> WORK ITEM
Any pictures in the records below must be left out when you repeat the lines from the line containing "The only thing" through the line containing "POLO RALPH LAUREN【648】" exactly.

> DATA
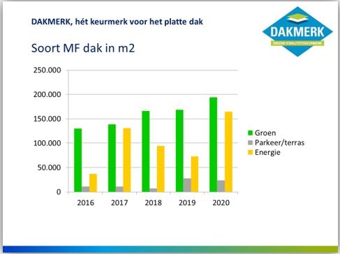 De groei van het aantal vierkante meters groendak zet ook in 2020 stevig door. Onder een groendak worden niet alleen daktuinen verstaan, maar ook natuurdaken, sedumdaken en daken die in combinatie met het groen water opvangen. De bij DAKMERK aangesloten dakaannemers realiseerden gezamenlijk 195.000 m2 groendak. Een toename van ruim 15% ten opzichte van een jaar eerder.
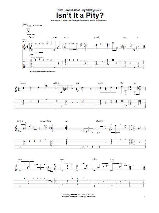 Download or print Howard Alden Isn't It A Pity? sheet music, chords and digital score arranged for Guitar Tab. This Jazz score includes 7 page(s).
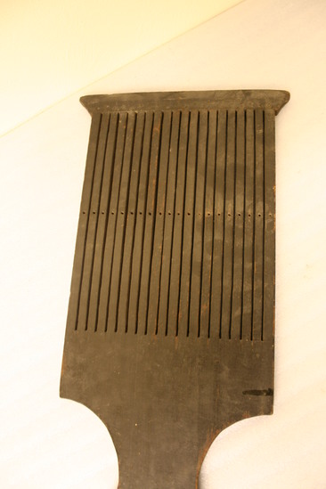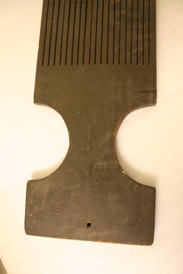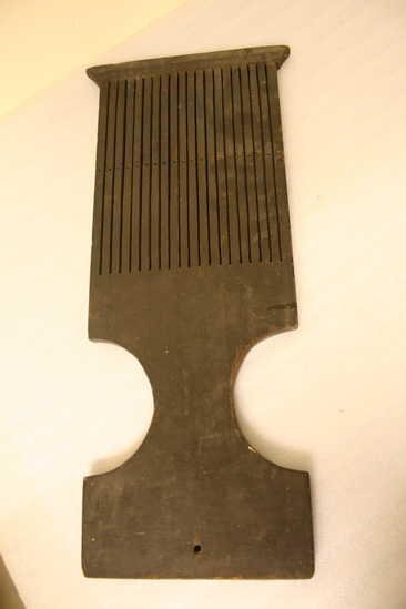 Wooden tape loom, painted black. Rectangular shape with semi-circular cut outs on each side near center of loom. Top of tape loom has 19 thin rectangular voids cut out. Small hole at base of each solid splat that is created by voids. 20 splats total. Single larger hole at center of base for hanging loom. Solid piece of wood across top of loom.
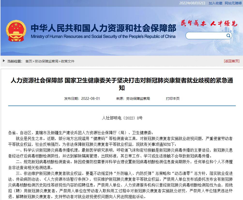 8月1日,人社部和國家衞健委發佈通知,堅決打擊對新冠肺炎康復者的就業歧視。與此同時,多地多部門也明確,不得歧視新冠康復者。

---

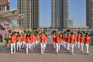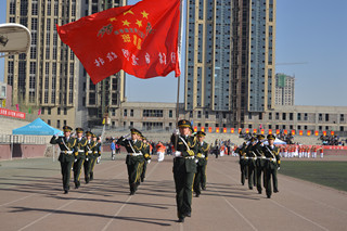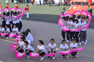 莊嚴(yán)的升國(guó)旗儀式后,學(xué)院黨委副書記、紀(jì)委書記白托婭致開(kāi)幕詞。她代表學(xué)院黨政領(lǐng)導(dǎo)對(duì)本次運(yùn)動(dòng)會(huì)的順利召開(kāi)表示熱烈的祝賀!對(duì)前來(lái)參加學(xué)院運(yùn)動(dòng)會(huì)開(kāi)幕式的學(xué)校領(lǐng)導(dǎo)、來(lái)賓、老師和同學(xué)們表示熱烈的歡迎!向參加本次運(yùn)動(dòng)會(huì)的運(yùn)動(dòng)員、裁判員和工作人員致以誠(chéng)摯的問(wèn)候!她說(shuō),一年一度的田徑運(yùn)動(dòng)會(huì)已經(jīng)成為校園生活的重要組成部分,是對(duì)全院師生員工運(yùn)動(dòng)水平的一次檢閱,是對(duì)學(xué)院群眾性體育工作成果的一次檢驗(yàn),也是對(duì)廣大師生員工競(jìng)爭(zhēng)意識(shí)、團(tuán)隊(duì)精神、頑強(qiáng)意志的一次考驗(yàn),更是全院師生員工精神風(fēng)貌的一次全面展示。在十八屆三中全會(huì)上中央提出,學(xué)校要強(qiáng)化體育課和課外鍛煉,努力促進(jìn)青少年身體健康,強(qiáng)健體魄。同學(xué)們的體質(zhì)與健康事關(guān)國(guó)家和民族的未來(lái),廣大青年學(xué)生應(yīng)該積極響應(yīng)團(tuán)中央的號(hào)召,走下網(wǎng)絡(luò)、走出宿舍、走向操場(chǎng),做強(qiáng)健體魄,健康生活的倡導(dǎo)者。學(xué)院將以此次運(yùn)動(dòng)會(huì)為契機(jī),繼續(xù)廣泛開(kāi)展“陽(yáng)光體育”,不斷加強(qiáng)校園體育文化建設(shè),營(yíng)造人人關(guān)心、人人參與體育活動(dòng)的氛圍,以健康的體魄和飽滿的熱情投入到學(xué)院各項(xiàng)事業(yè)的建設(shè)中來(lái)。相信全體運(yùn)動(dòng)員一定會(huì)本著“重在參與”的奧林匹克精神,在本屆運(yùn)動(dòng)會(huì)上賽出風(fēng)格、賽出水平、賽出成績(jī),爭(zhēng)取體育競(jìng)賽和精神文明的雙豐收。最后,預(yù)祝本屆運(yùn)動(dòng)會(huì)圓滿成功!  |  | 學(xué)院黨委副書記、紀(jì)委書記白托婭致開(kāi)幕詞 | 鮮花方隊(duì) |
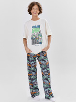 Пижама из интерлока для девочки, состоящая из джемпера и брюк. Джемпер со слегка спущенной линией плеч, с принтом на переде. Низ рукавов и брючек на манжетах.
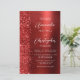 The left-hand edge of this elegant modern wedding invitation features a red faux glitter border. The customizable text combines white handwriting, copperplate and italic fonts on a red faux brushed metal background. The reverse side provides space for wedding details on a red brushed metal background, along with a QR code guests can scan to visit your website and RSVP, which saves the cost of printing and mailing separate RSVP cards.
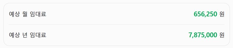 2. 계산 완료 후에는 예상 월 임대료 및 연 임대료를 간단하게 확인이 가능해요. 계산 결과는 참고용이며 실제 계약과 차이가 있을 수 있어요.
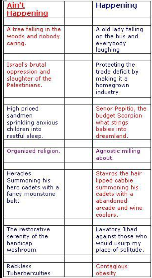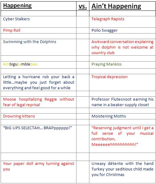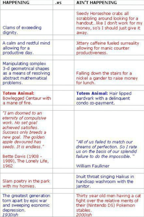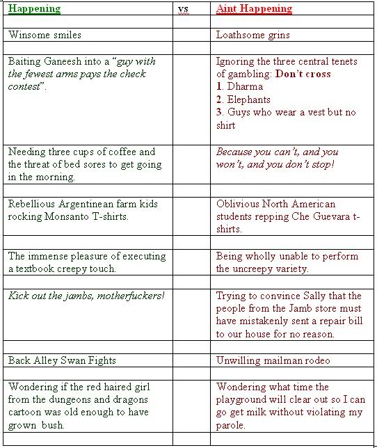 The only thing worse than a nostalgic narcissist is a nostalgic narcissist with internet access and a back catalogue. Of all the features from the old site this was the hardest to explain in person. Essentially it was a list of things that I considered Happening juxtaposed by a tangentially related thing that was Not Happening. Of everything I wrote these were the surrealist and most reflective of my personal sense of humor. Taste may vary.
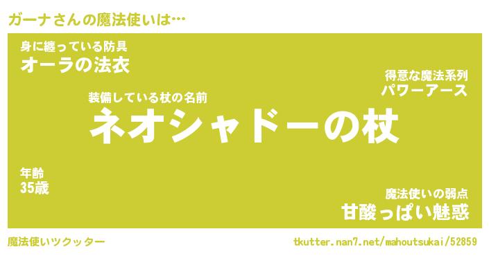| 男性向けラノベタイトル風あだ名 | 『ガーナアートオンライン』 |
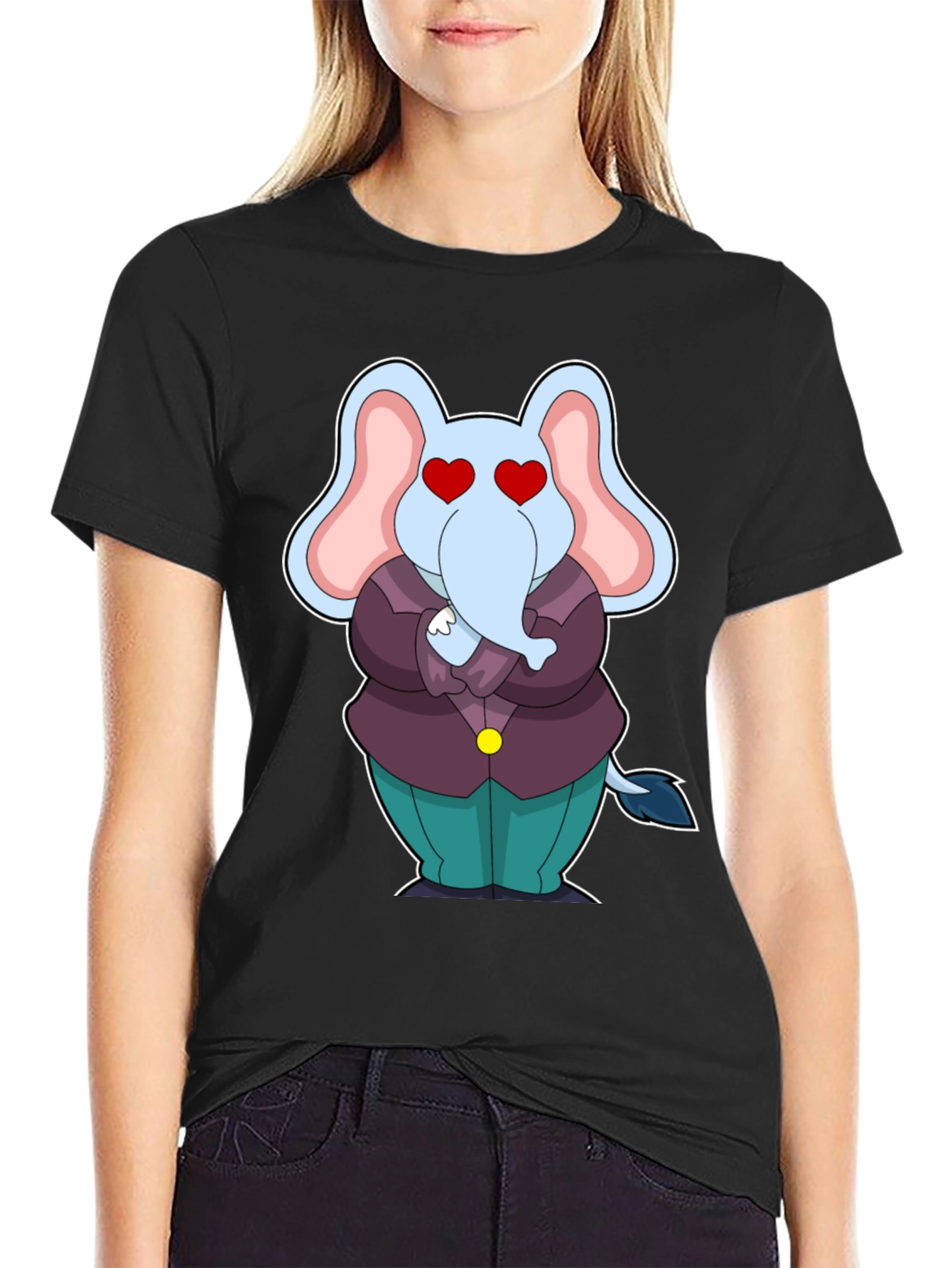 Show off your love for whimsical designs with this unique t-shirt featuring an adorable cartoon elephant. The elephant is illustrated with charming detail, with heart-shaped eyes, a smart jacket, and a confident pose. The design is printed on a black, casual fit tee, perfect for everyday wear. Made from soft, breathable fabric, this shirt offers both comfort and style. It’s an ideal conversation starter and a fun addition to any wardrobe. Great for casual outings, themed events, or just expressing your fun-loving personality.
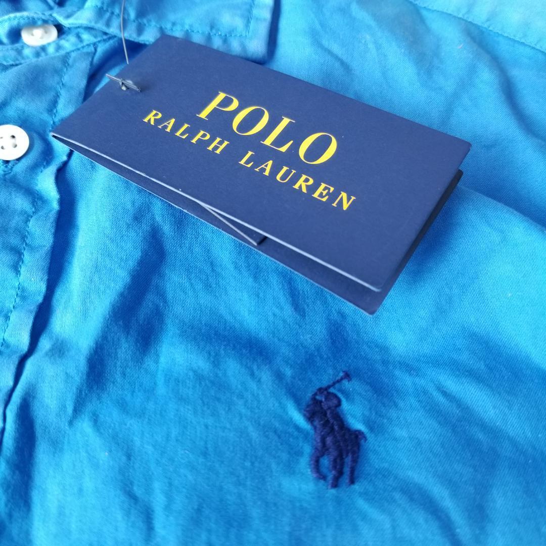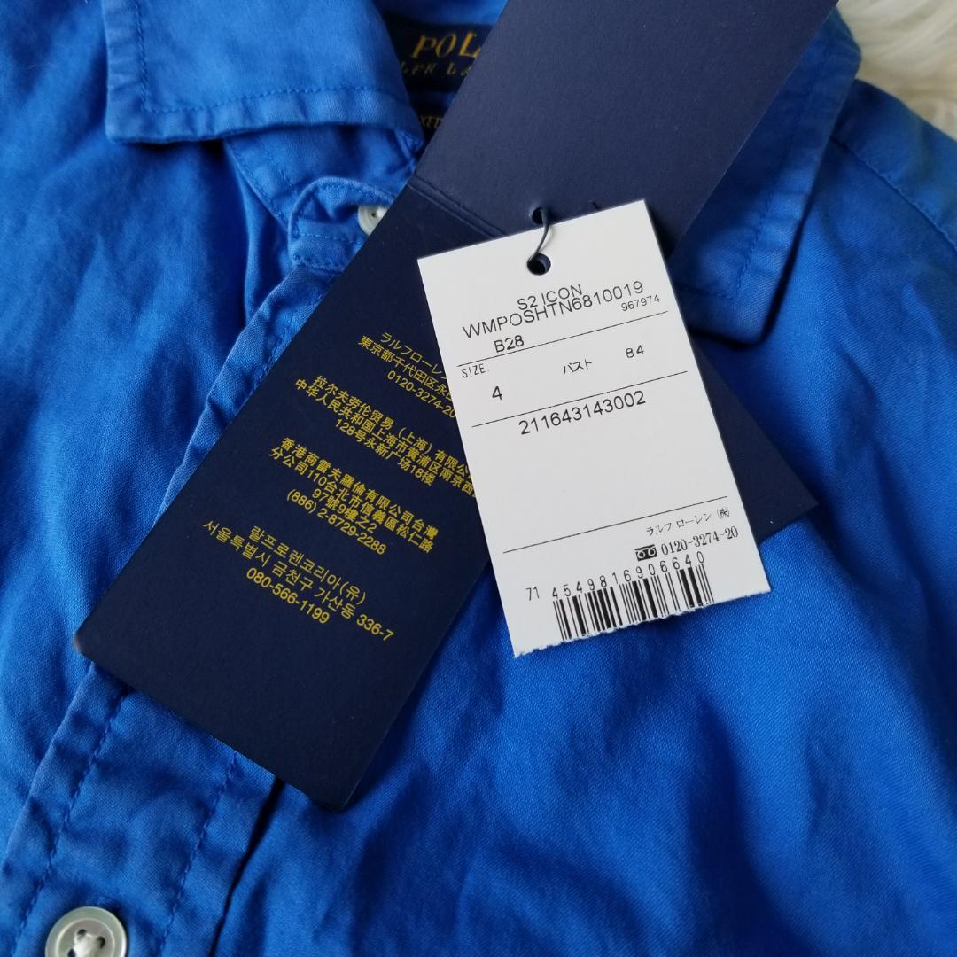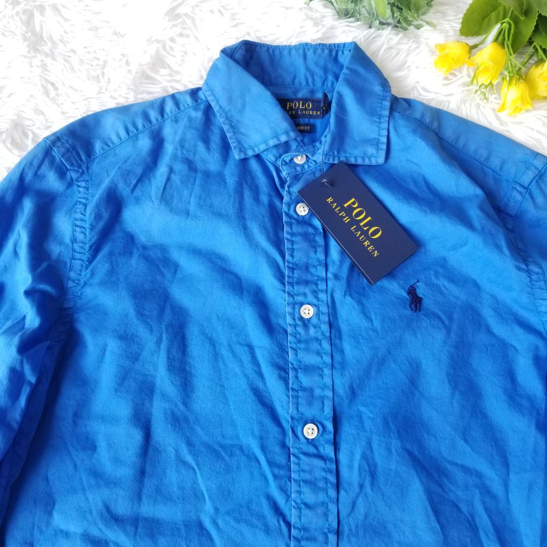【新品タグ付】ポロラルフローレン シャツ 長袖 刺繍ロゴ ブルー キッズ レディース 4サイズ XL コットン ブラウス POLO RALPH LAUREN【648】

> ANSWER SECTION
 The only thing worse than a nostalgic narcissist is a nostalgic narcissist with internet access and a back catalogue. Of all the features from the old site this was the hardest to explain in person. Essentially it was a list of things that I considered Happening juxtaposed by a tangentially related thing that was Not Happening. Of everything I wrote these were the surrealist and most reflective of my personal sense of humor. Taste may vary.
| 男性向けラノベタイトル風あだ名 | 『ガーナアートオンライン』 |
 Show off your love for whimsical designs with this unique t-shirt featuring an adorable cartoon elephant. The elephant is illustrated with charming detail, with heart-shaped eyes, a smart jacket, and a confident pose. The design is printed on a black, casual fit tee, perfect for everyday wear. Made from soft, breathable fabric, this shirt offers both comfort and style. It’s an ideal conversation starter and a fun addition to any wardrobe. Great for casual outings, themed events, or just expressing your fun-loving personality.
【新品タグ付】ポロラルフローレン シャツ 長袖 刺繍ロゴ ブルー キッズ レディース 4サイズ XL コットン ブラウス POLO RALPH LAUREN【648】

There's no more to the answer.